FedEx, UPS and the U.S. Postal Service all say customers should be fine shipping the week of Dec. 13. That’s generally the same time period as last year.

The most important day to remember is Dec. 15, the ground cutoff for both FedEx and the Postal Service. UPS says their exact deadline depends upon where customers are shipping to, and coast-to-coast ground typically takes about a week.

But experts say it’s better to get those gifts out earlier than the deadlines, this week if possible.

“I do think it’s a good idea to start even earlier than the carriers are saying,” says Ted Rossman, a senior analyst at CreditCards.com. “They may say you’re going to get it before Christmas but why cut it that close?”

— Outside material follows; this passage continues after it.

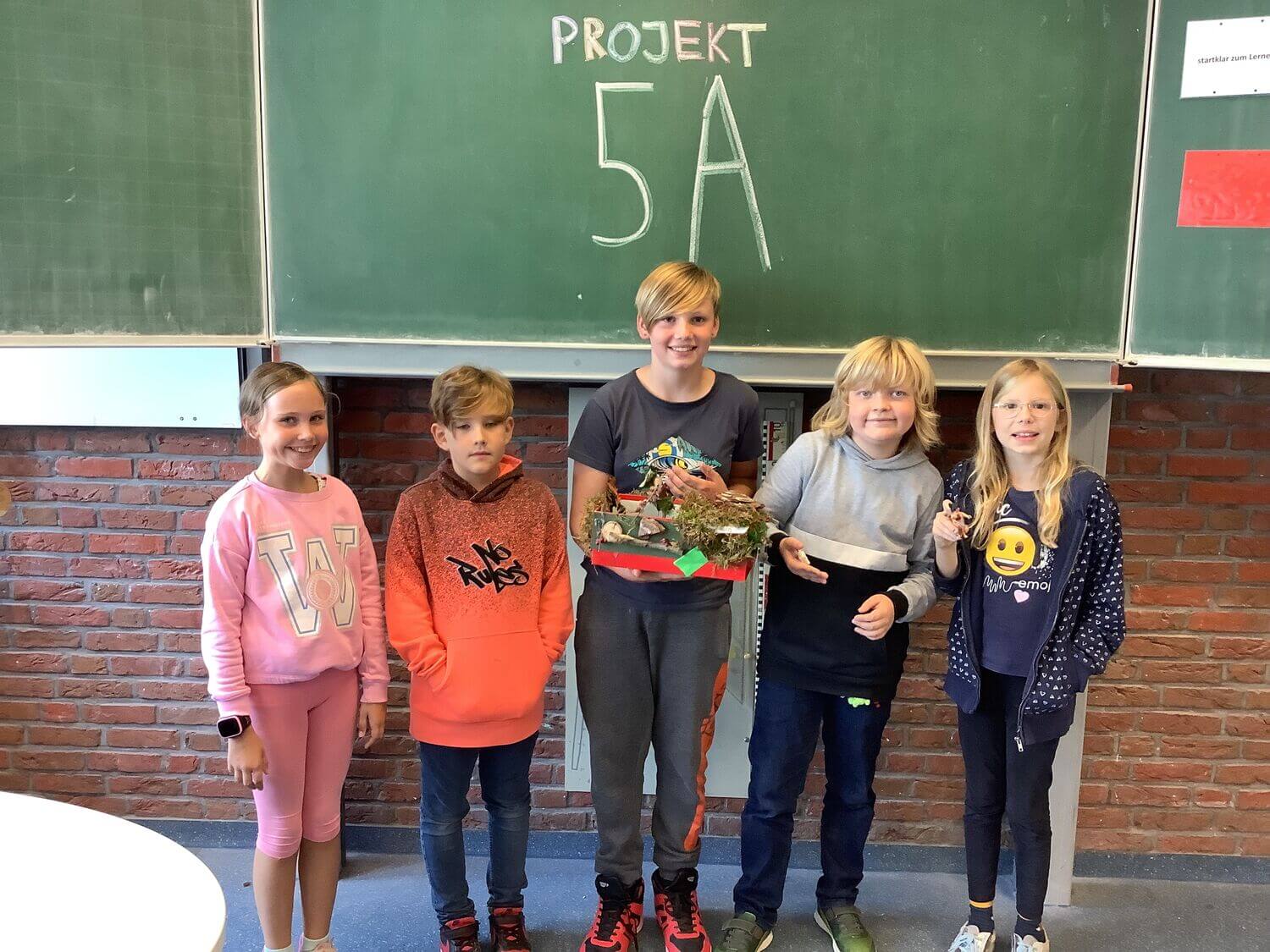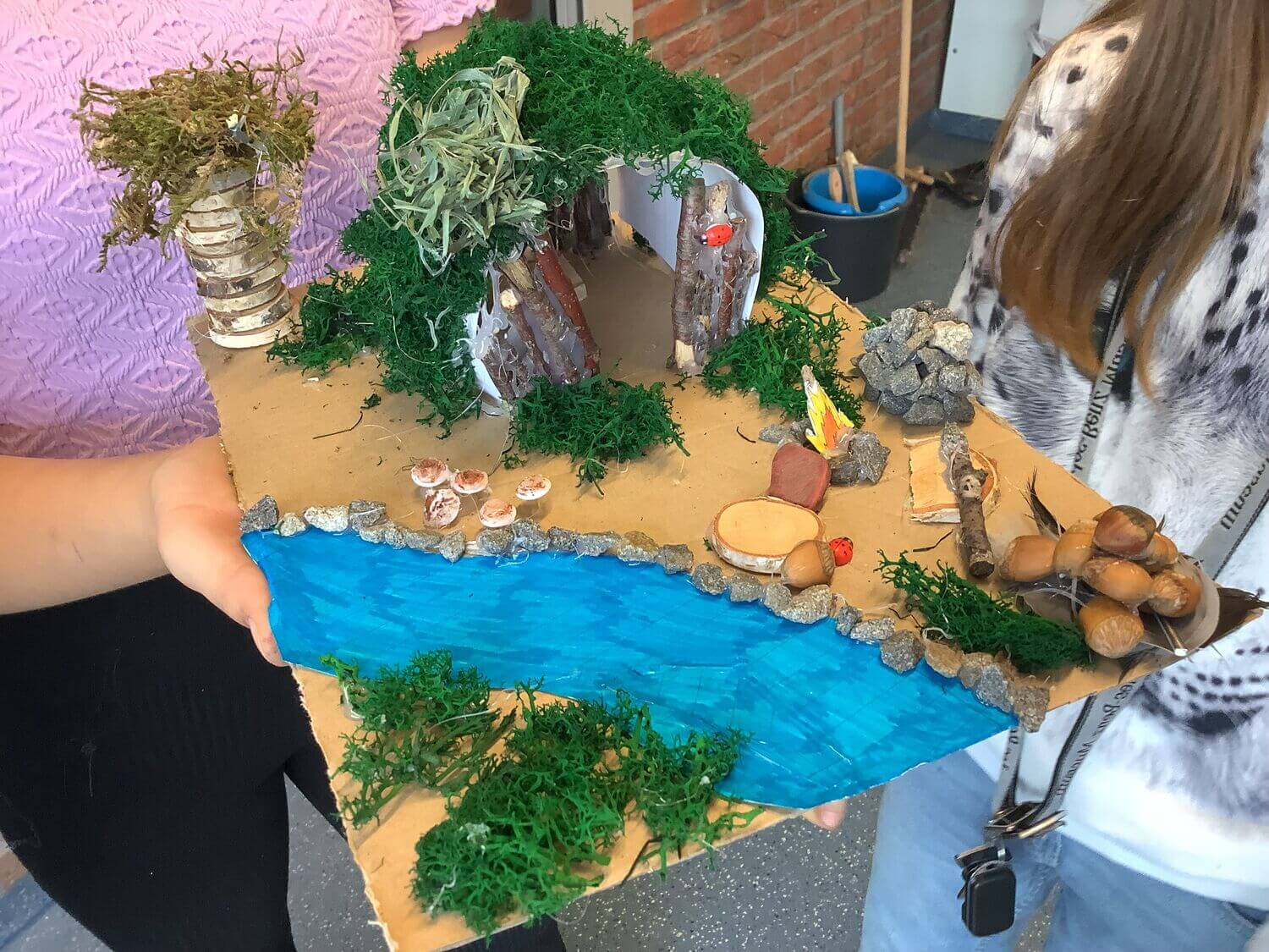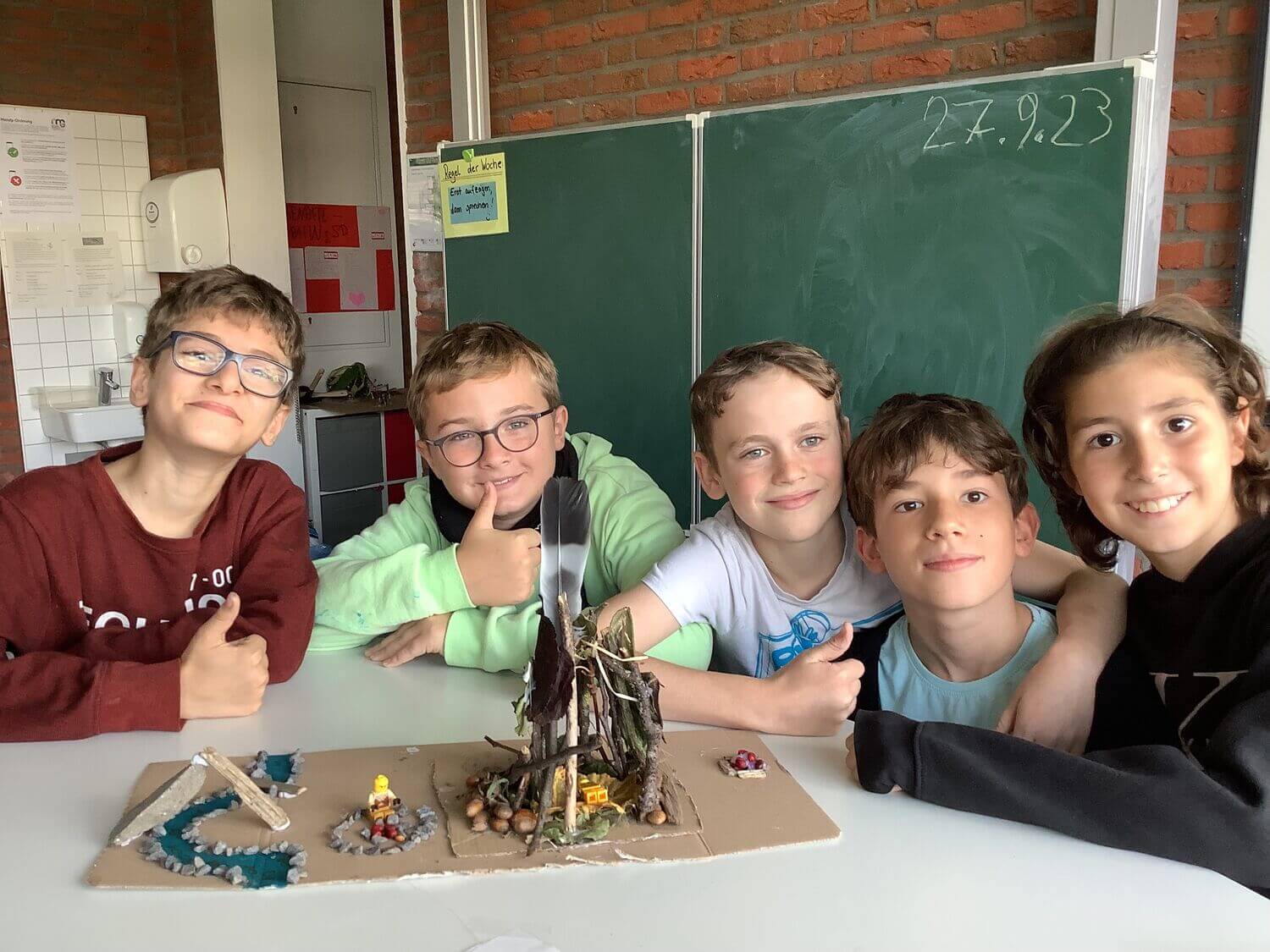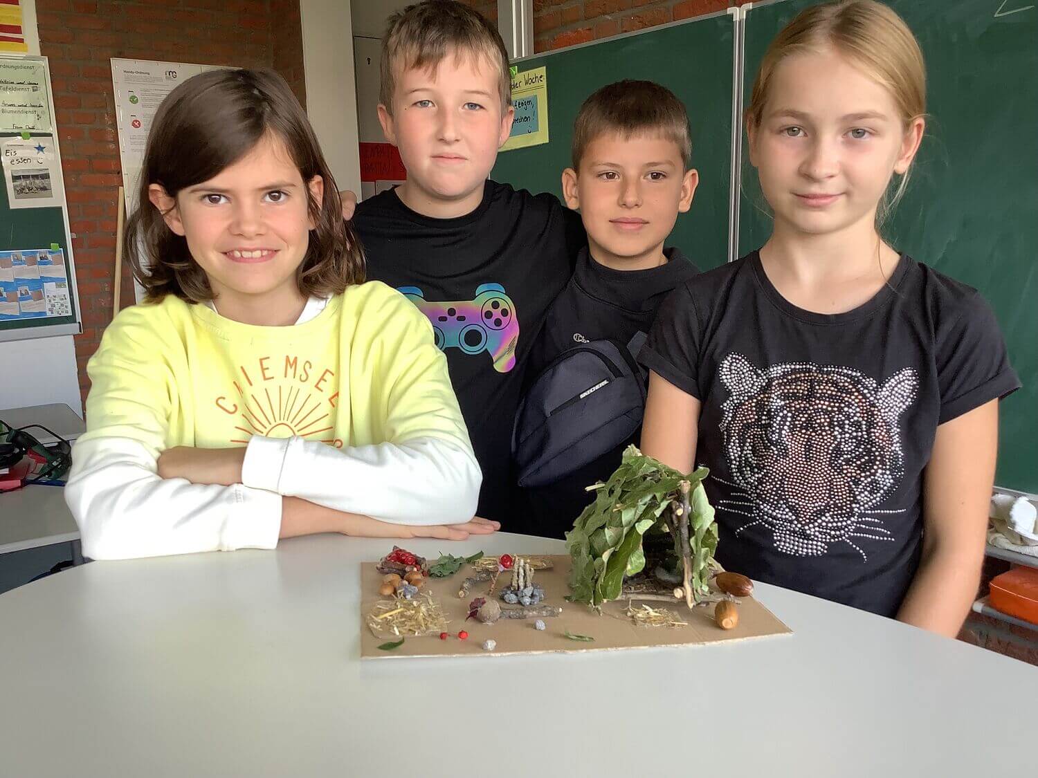 Um sich dem Thema auch praktisch anzunähern, bauten die Schüler:innen in Kleingruppen Modelle von Steinzeithütten, die sie anschließend ihrer Klasse in kurzen Vorträgen präsentierten. Dafür sammelten die Kinder verschiedene Materialien aus der Natur, die sie anschließend in ihren Modellen verbauten.

Rossman said the other big date to keep in mind is Tuesday, Dec. 14, which is known as “free shipping day” among retailers. The concept generally pre-dates the widespread adoption of free shipping among online retailers, but it is still generally the last day someone can order something online and get it delivered by Christmas without paying for faster shipping.

Like last year, there are still a lot of unknowns, including weather or a crush of last-minute packages.

“I would take all of this with a grain of salt because these guarantees are really only as good as the paper they’re printed on,” Rossman said. “I would build in extra time to whatever Amazon or any other retailer is telling you because at this point, the days are dwindling.”